FIB Tomogram Acquisition Steps #

Sample Preparation #

Preparing a sample for a FIB tomography acquisition begins with many steps used to prepare for cross-sectioning, but with additional considerations. Since the tomogram acquisition may take several days, good preparation before the acquisition is necessary for success. The first step is to adhere the sample to the sample holder in a secure fashion; gluing the sample to a stub is preferred over using double sided tape which may relax over the course of the acquisition.

Protection Layer Deposition #

After the region of interest is identified in the sample, the next step is the deposition of a protection layer to the surface of the area of interest. The surface of the area of interest will see a moderate amount of ion-beam imaging to confirm the position of the sample fiducials, so a robust protection layer is necessary. If the surface is of great importance to the work, deposition of an initial thin EBID layer should be performed, followed by a thicker IBID layer.

For high accuracy of measurement of slice thickness, many researchers include a pattern of lines within the protection layer of known geometry in a material with contrast from the main protection layer material. For example, if Pt is used as the main protection layer, C is used as a suitable material since C will appear darker than the surrounding Pt in electron beam images. The five lines consist of a group of three evenly spaced lines to allow measurement of a known distance in the center of the protection layer, and two lines angled from the center three at known angle (for example 15°) to allow measurement of the slice thickness (Figure 2).

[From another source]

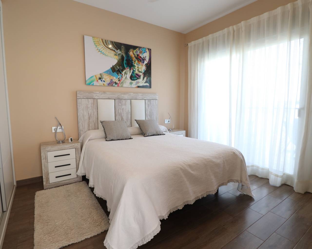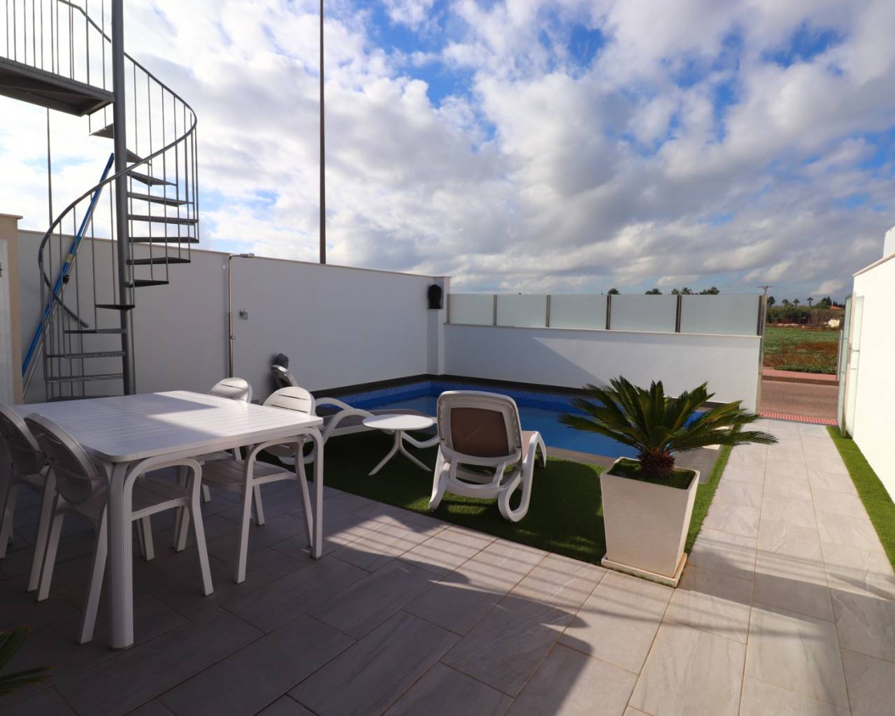 Deze moderne, op het zuiden georiënteerde, halfvrijstaande villa met drie slaapkamers in Daya Vieja ligt aan de rand van dit charmante en rustige Spaanse dorp, op slechts 5 minuten lopen van lokale bars en restaurants en op slechts 10 minuten rijden van de prachtige stranden van de Costa Blanca Zuid. De woning biedt een prachtig open uitzicht over de bergen, het landschap en de omliggende citrusboomgaarden, en vormt een ideale balans tussen modern wonen en een ontspannen landelijke omgeving. Deze stijlvolle woning is gebouwd volgens een hoge moderne standaard en heeft een woonoppervlakte van 133 m² op een privéperceel van 179 m². De begane grond bestaat uit een lichte en ruime woon-/eetkamer met airconditioning en dubbele schuifdeuren die direct toegang geven tot de betegelde tuin, afgewerkt met kunstgras en voorzien van een privézwembad en een praktische berging. De open, volledig ingerichte keuken is modern en goed ontworpen, perfect voor gezinsleven of om gasten te ontvangen. Er zijn drie tweepersoonsslaapkamers, allemaal met airconditioning. De hoofdslaapkamer bevindt zich op de begane grond en beschikt over een inloopkast en een en-suite badkamer met douche. Boven vindt u nog twee tweepersoonsslaapkamers met inbouwkasten; een daarvan heeft toegang tot een privéterras, dat ook van buitenaf bereikbaar is. In totaal zijn er twee moderne doucheruimtes – één op elke verdieping. Extra voorzieningen zijn onder andere horren in alle kamers, elektrische rolgordijnen en een veelzijdige ruimte onder het huis die gebruikt kan worden als speel- of entertainmentruimte, extra slaapkamer, lounge of zelfs kantoor. Een prachtig gepresenteerde, direct bewoonbare villa met modern comfort, een adembenemend uitzicht en een rustige locatie – perfect voor permanent wonen of een luxe vakantieverblijf aan de Costa Blanca Zuid.

Figure 2. Schematic of pattern deposited in protection layer for calculation of FIB slice thickness (left), and a schematic of the calculation thickness, t, of a slice from two consecutive images.

To calculate the thickness of a slice, the

Exposing the Region of Interest #

Once the area of interest is protected, the exterior of the region of interest is exposed from the bulk material. This is done in a similar fashion as cross-sectioning: a rough milling pattern is typically performed to expose the front of the region of interest quickly, followed by a polishing step to give a clear image at the front of the region of interest. Additionally, many times the sides of the region of interest are also exposed to provide a pathway for redeposition material to escape (Figure 3). If the side reliefs are not cut, the redeposition may deposit in front of the ongoing milling, partially obscuring the field of view in the tomogram.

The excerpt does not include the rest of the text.